--- Directions for this task ---
Please print the listing that follows word for word, but skip any pictures it holds.

--- Data segment ---
[Start of section]

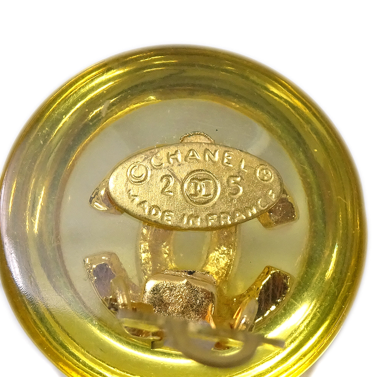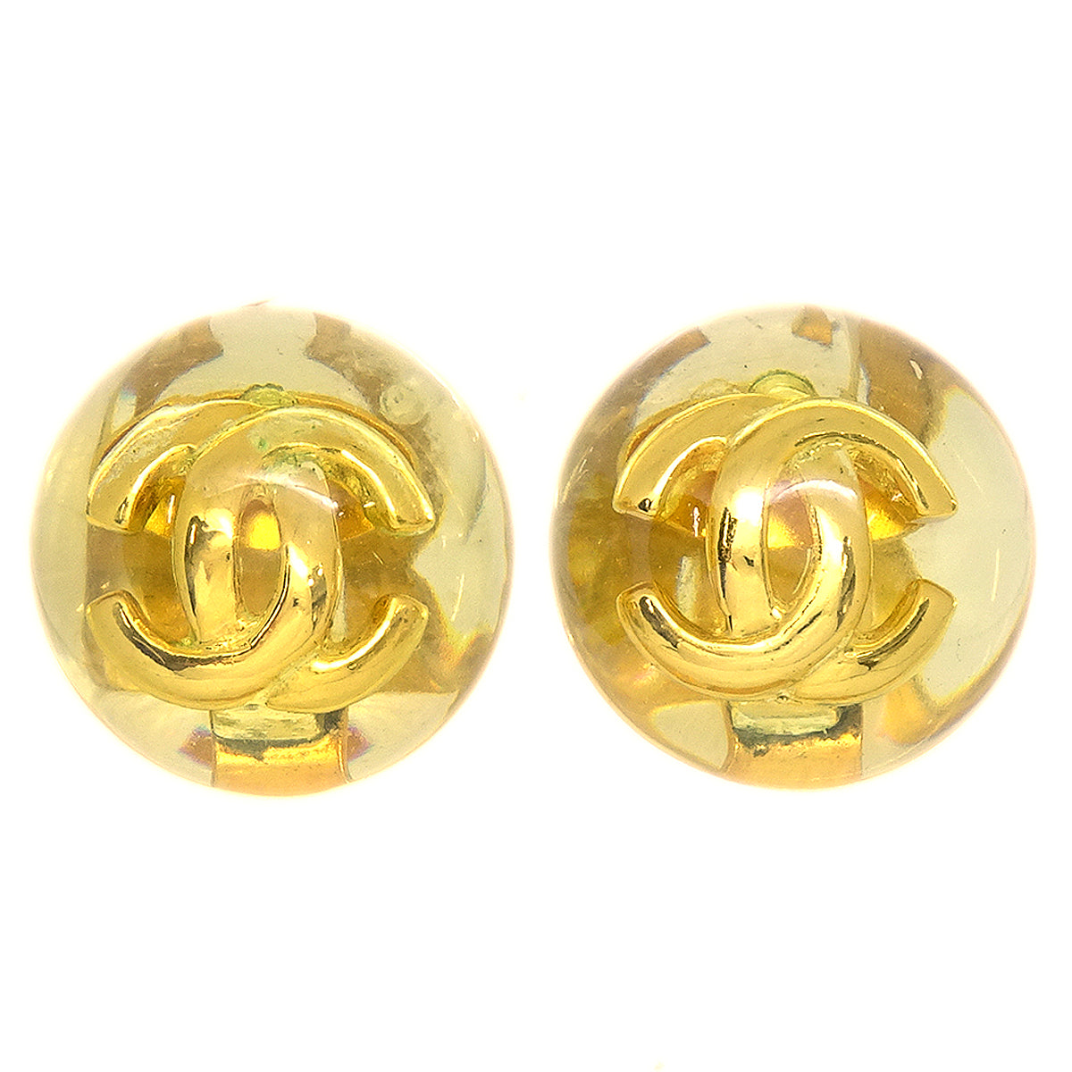 CHANEL 1990 Clear Ball CC Earrings Gold Clip-On 25 88058
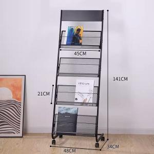FAX88 四層平頂落地可移動黑色雜誌架48CM闊 13843
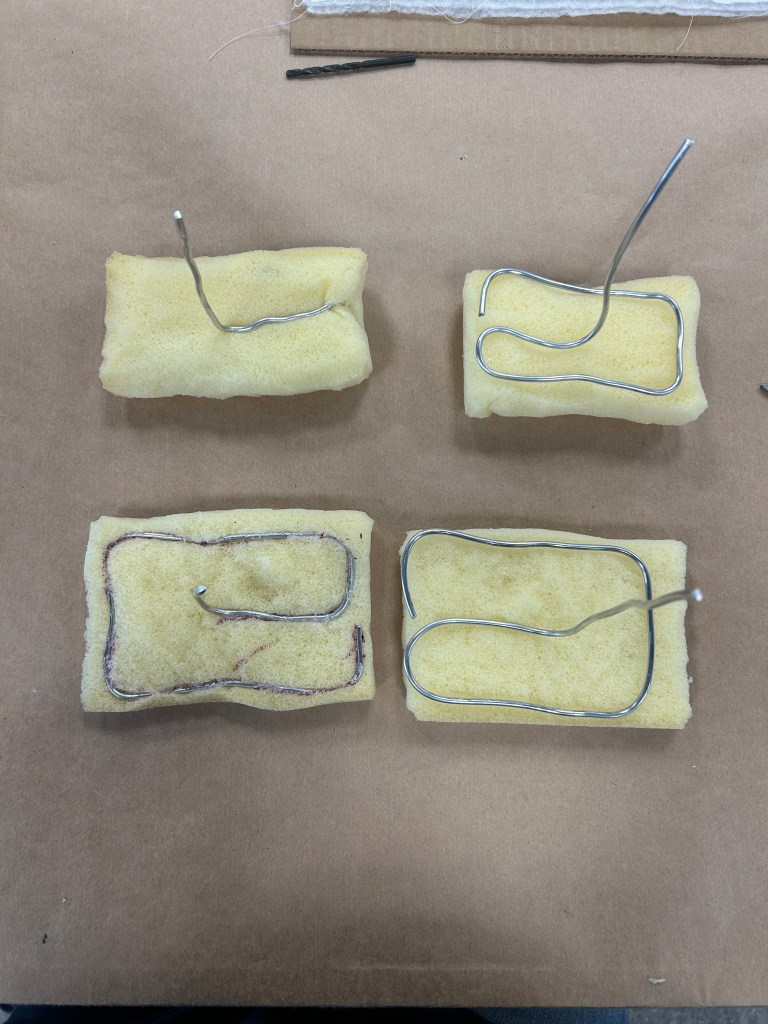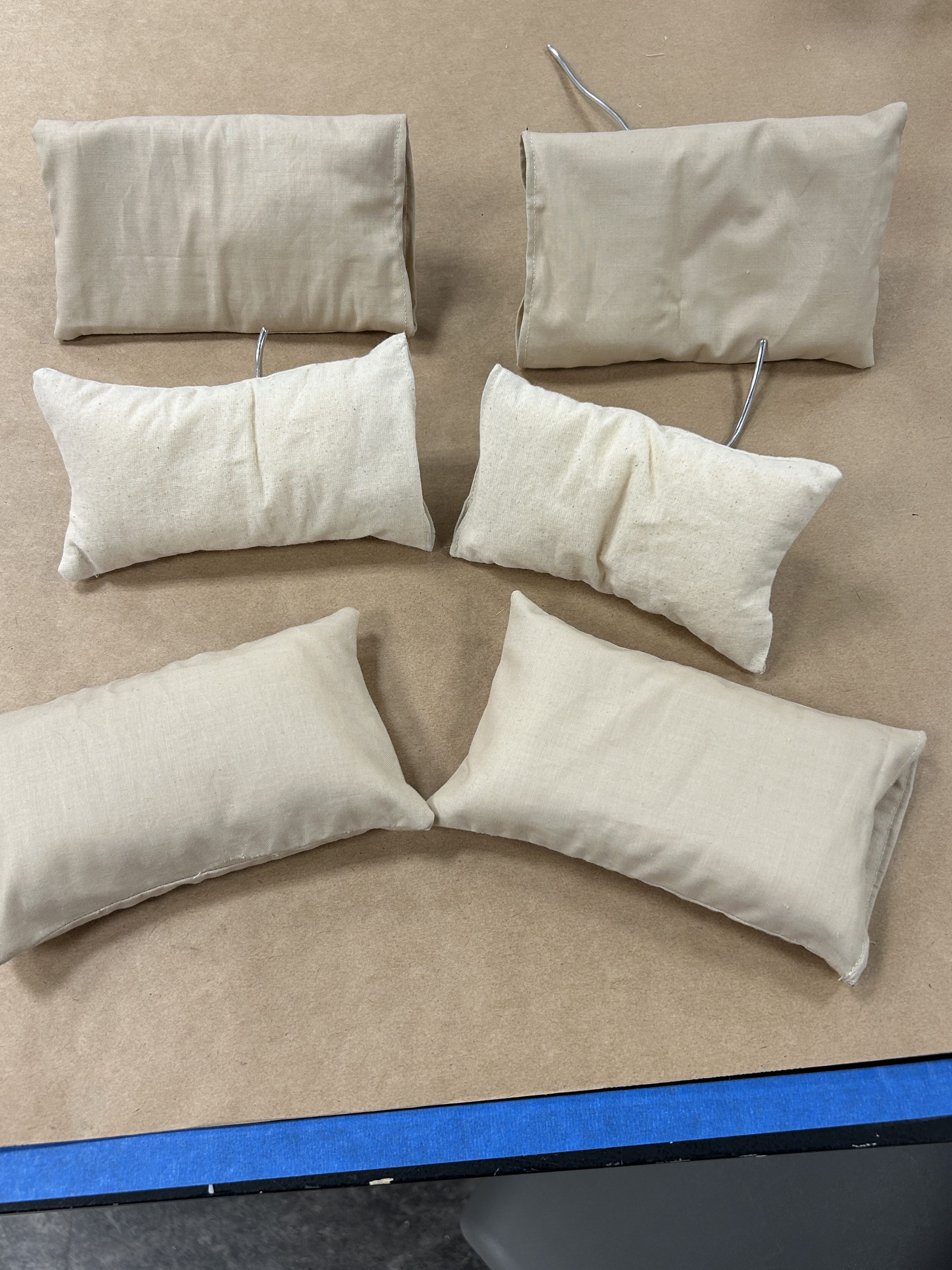 I constructed 4 upholstery foam pillows with 1/8″ wire rigging so the pillows could be posable and anmiatable. I also made pillows cased with 28-gauge wire, lining the openings so the cases could also be posed. And I make a stand for the pillows to attach to.
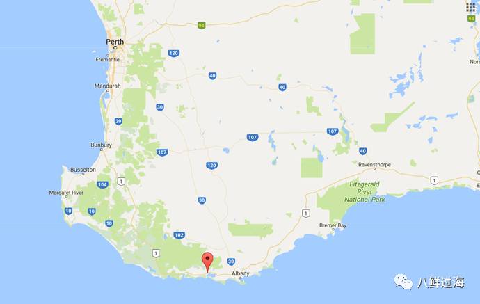 西澳大利亚,红色标记就是帕瑞海滩(Parry Beach),也就是新闻中“西澳大利亚野生三文鱼”出没的海滩

[End of section]

--- Answer space ---
 CHANEL 1990 Clear Ball CC Earrings Gold Clip-On 25 88058
FAX88 四層平頂落地可移動黑色雜誌架48CM闊 13843
 I constructed 4 upholstery foam pillows with 1/8″ wire rigging so the pillows could be posable and anmiatable. I also made pillows cased with 28-gauge wire, lining the openings so the cases could also be posed. And I make a stand for the pillows to attach to.
 西澳大利亚,红色标记就是帕瑞海滩(Parry Beach),也就是新闻中“西澳大利亚野生三文鱼”出没的海滩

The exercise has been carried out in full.